> _Exercise aim_
In the records below, the relevant part opens with the line containing "ظرف غذا اتوماتیک" and closes with the line containing "当生協は、ご来店いただく地域"; print that part exactly and only, without its pictures.

> _Provided information_
^^^^^^^^
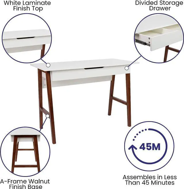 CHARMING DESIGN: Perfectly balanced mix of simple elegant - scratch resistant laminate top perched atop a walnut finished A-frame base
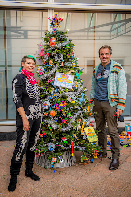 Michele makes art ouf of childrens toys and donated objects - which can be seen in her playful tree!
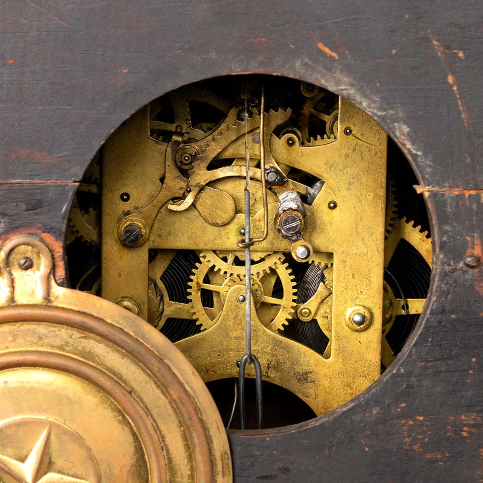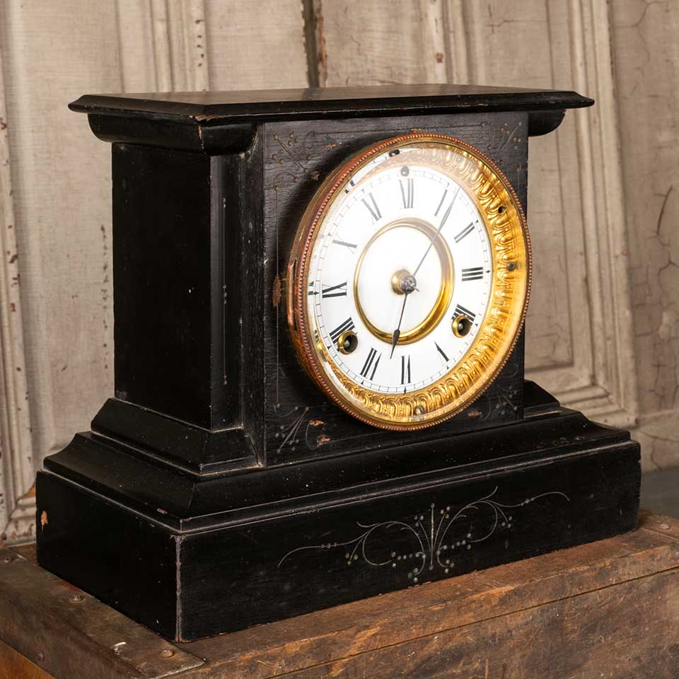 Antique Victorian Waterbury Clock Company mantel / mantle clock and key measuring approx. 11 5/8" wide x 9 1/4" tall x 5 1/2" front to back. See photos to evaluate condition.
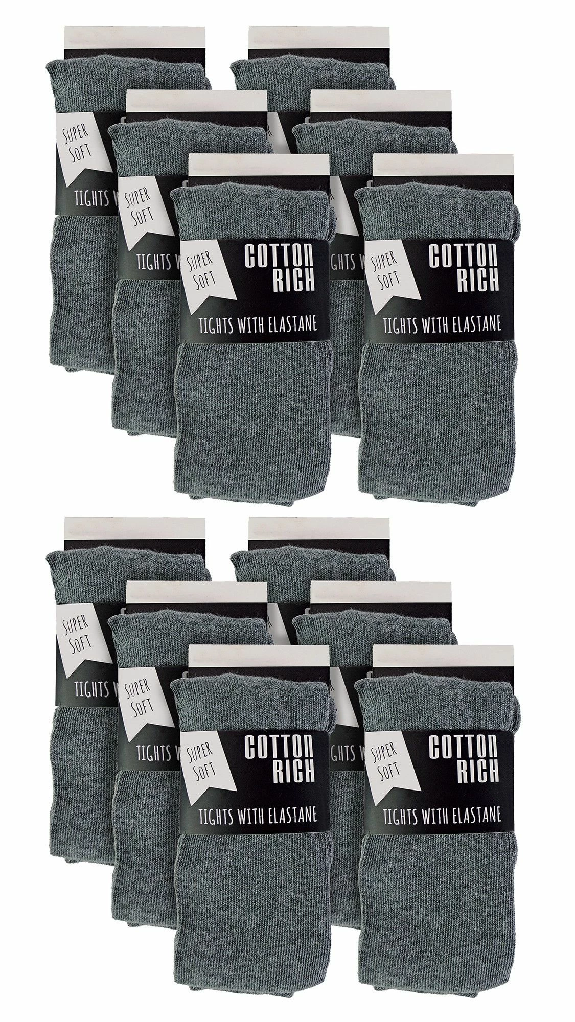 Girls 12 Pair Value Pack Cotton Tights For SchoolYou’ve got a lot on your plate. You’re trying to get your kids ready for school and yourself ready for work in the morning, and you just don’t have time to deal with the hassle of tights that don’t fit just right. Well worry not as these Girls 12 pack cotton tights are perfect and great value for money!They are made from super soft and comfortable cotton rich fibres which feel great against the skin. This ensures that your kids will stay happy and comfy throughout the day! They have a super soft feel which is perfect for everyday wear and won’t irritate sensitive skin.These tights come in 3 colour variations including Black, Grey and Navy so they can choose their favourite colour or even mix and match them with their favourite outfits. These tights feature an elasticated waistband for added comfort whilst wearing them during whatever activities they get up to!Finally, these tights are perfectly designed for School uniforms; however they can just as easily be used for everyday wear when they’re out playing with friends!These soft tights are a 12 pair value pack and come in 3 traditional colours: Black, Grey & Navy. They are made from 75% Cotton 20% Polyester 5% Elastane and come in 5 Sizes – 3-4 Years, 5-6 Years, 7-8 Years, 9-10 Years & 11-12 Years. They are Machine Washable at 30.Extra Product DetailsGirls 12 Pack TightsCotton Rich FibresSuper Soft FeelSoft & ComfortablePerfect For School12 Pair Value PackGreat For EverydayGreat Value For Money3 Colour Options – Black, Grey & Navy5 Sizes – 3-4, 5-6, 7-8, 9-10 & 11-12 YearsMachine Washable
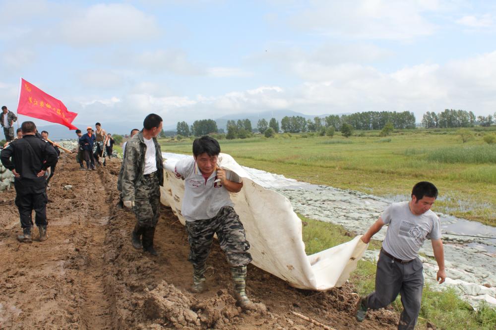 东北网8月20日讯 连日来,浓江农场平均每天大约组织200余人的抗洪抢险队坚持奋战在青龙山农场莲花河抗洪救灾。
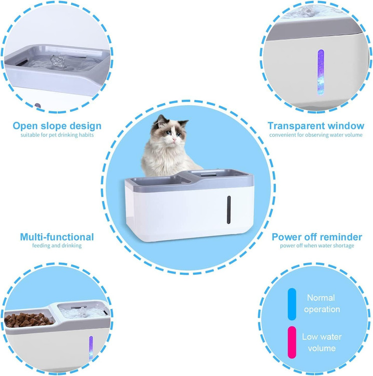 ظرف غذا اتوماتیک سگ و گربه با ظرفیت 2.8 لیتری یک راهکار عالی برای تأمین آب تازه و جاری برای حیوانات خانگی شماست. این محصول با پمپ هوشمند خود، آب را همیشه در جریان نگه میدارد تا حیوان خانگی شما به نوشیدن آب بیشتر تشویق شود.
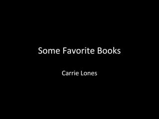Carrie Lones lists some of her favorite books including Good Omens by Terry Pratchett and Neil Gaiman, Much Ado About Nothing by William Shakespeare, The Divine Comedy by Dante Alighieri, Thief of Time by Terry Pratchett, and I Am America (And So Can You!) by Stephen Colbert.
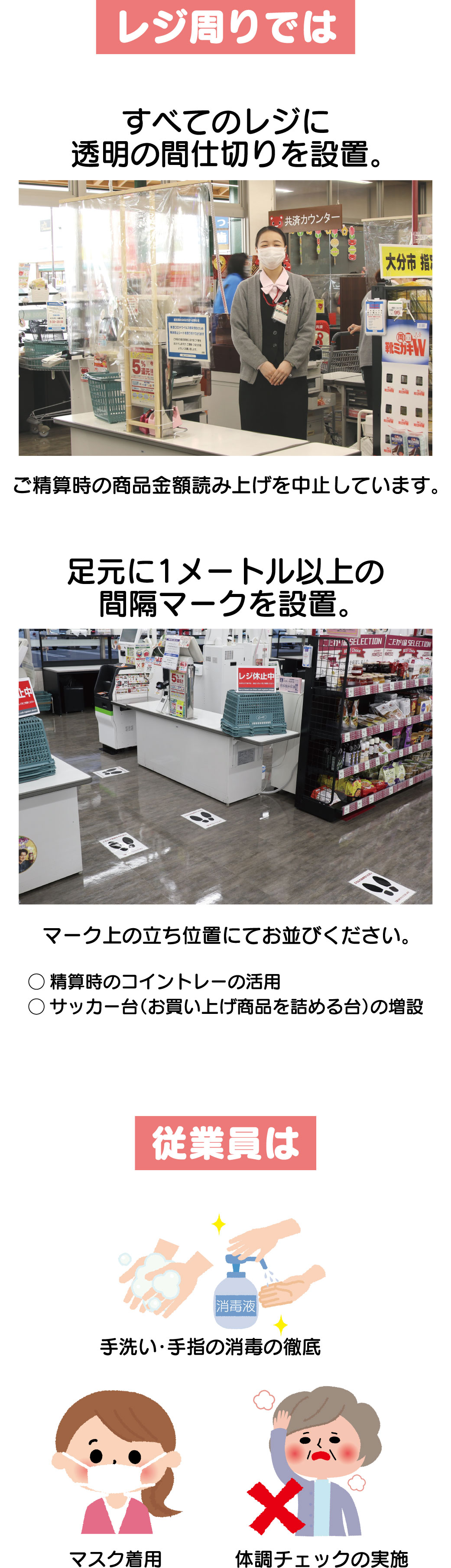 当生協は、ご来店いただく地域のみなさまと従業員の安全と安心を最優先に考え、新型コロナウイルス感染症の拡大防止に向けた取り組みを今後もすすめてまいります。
^^^^^^^^
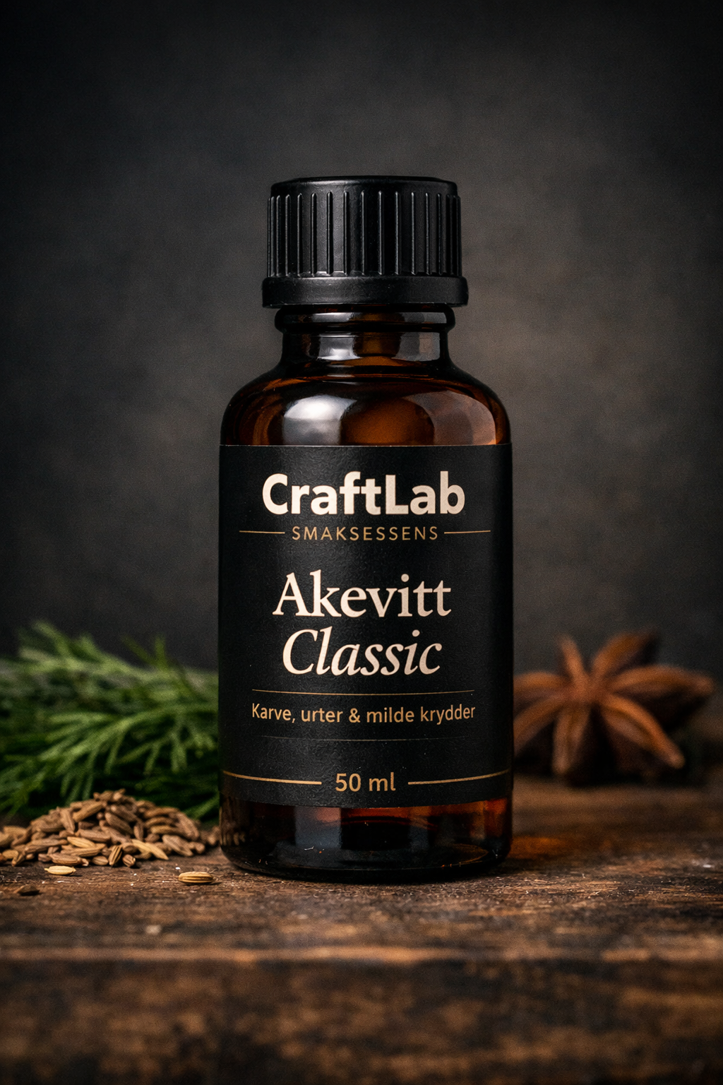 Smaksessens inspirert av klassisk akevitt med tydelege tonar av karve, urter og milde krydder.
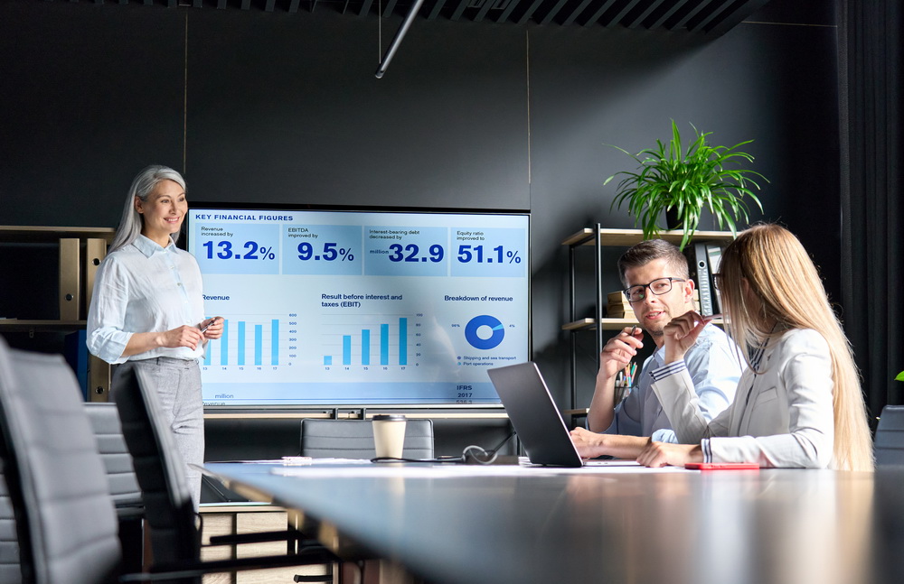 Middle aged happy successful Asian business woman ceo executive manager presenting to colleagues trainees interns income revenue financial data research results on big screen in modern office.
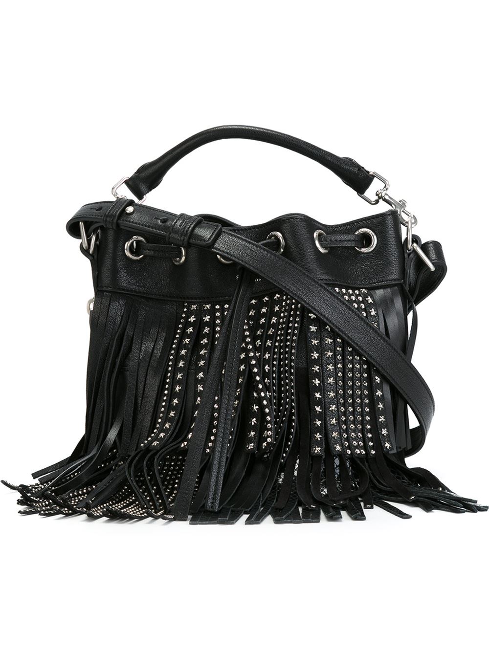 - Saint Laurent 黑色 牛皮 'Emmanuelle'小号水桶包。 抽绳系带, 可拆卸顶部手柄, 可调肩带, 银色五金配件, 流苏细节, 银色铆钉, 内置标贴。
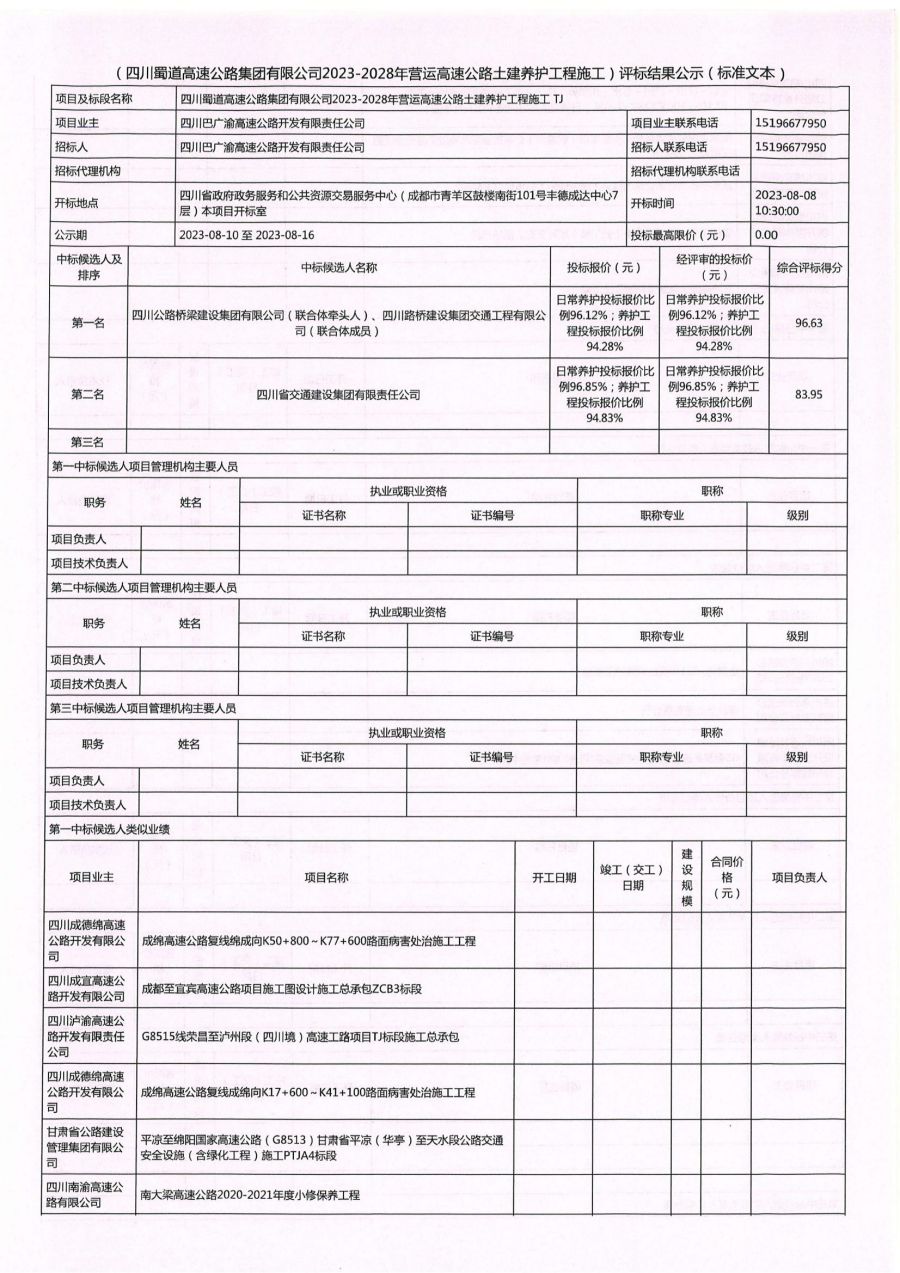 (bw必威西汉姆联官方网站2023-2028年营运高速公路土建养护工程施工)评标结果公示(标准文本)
^^^^^^^^
> _The answer_
 ظرف غذا اتوماتیک سگ و گربه با ظرفیت 2.8 لیتری یک راهکار عالی برای تأمین آب تازه و جاری برای حیوانات خانگی شماست. این محصول با پمپ هوشمند خود، آب را همیشه در جریان نگه میدارد تا حیوان خانگی شما به نوشیدن آب بیشتر تشویق شود.
Carrie Lones lists some of her favorite books including Good Omens by Terry Pratchett and Neil Gaiman, Much Ado About Nothing by William Shakespeare, The Divine Comedy by Dante Alighieri, Thief of Time by Terry Pratchett, and I Am America (And So Can You!) by Stephen Colbert.
 当生協は、ご来店いただく地域のみなさまと従業員の安全と安心を最優先に考え、新型コロナウイルス感染症の拡大防止に向けた取り組みを今後もすすめてまいります。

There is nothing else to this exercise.